I regularly find current time series (in particular, tools) and I was surprised to find that rollmean noticeably faster than rollapply , and that align = 'right' methods are faster than rollmeanr wrappers.
How did they reach this speed? And why do you lose some of this when using the rollmeanr() wrapper?
Some background: I used rollapplyr(x, n, function(X) mean(X)) , however recently I have done some examples using rollmean . The docs suggest rollapplyr(x, n, mean) (note without the function part of the argument) uses rollmean , so I didn't think there would be a big difference in performance, however rbenchmark found noticeable differences.
require(zoo) require(rbenchmark) x <- rnorm(1e4) r1 <- function() rollapplyr(x, 3, mean) # uses rollmean r2 <- function() rollapplyr(x, 3, function(x) mean(x)) r3 <- function() rollmean(x, 3, na.pad = TRUE, align = 'right') r4 <- function() rollmeanr(x, 3, align = "right") bb <- benchmark(r1(), r2(), r3(), r4(), columns = c('test', 'elapsed', 'relative'), replications = 100, order = 'elapsed') print(bb)
I was surprised to find that rollmean(x, n, align = 'right') was noticeably faster - and ~ 40 times faster than my approach rollapply(x, n, function(X) mean(X)) .
test elapsed relative 3 r3() 0.74 1.000 4 r4() 0.86 1.162 1 r1() 0.98 1.324 2 r2() 27.53 37.203
The difference seems to increase as the size of the dataset grows. I only resized x (to rnorm(1e5) ) in the above code and repeated the test, and there was an even bigger difference between these functions.

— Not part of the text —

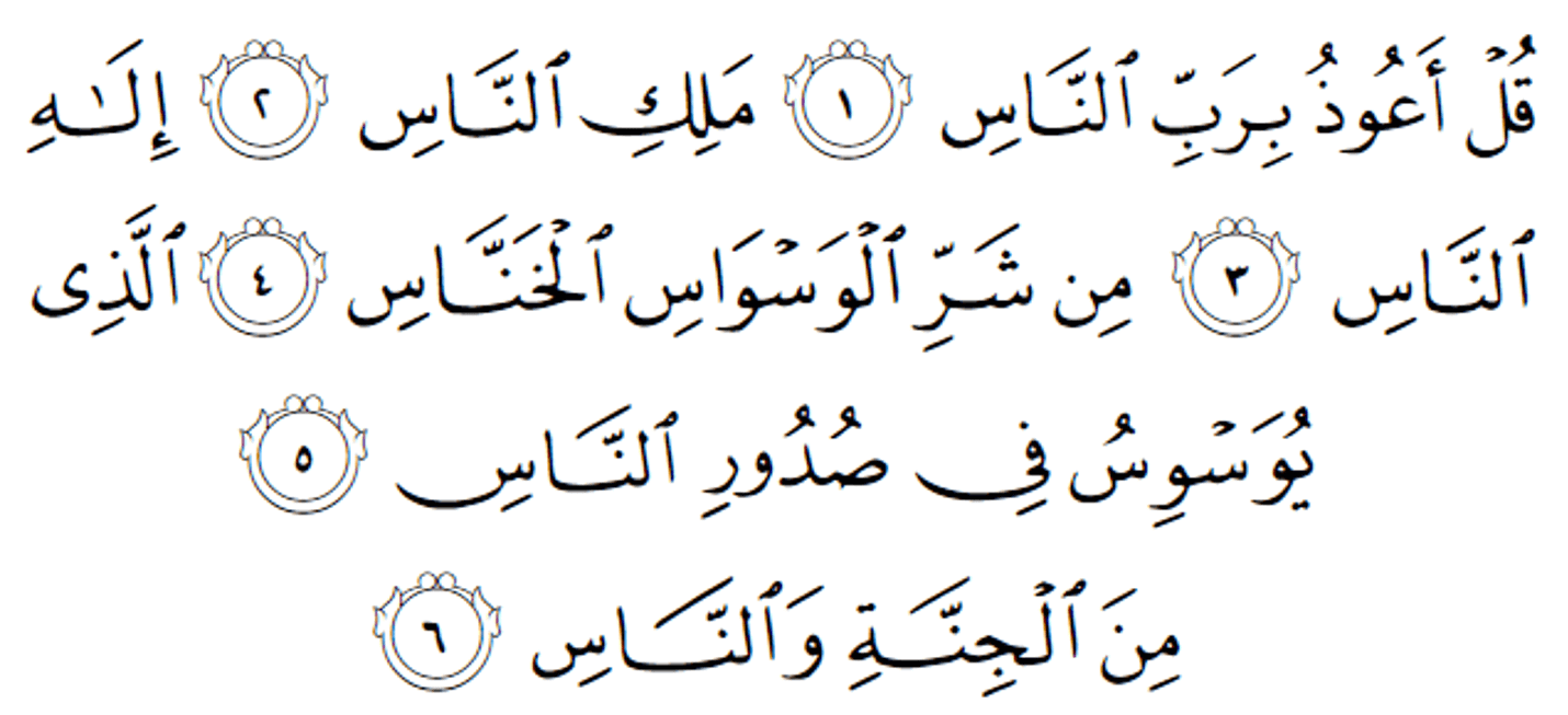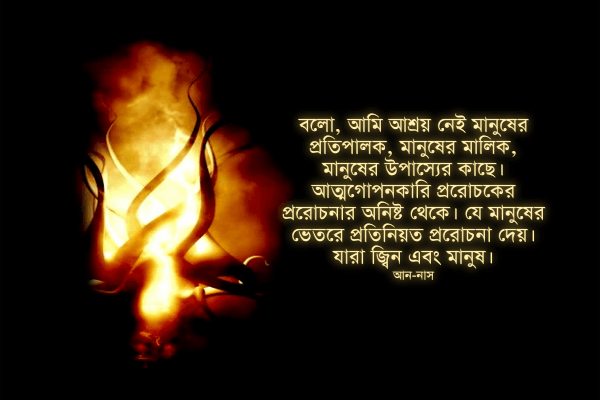 বলো, আমি আশ্রয় নেই মানুষের প্রতিপালক, মানুষের মালিক, মানুষের উপাস্যের কাছে। আত্মগোপনকারি প্ররোচকের প্ররোচনার অনিষ্ট থেকে। যে মানুষের ভেতরে প্রতিনিয়ত প্ররোচনা দেয়। যারা জ্বিন এবং মানুষ। [আন-নাস]

test elapsed relative 3 r3() 13.33 1.000 4 r4() 17.43 1.308 1 r1() 19.83 1.488 2 r2() 279.47 20.965
and for x <- rnorm(1e6)
test elapsed relative 3 r3() 44.23 1.000 4 r4() 54.30 1.228 1 r1() 65.30 1.476 2 r2() 2473.35 55.920
How did they do it? In addition, is this the best solution? Sure, it's fast, but is there an even faster way to do this?
(Note: in general, my time series are almost always xts objects - is this important?)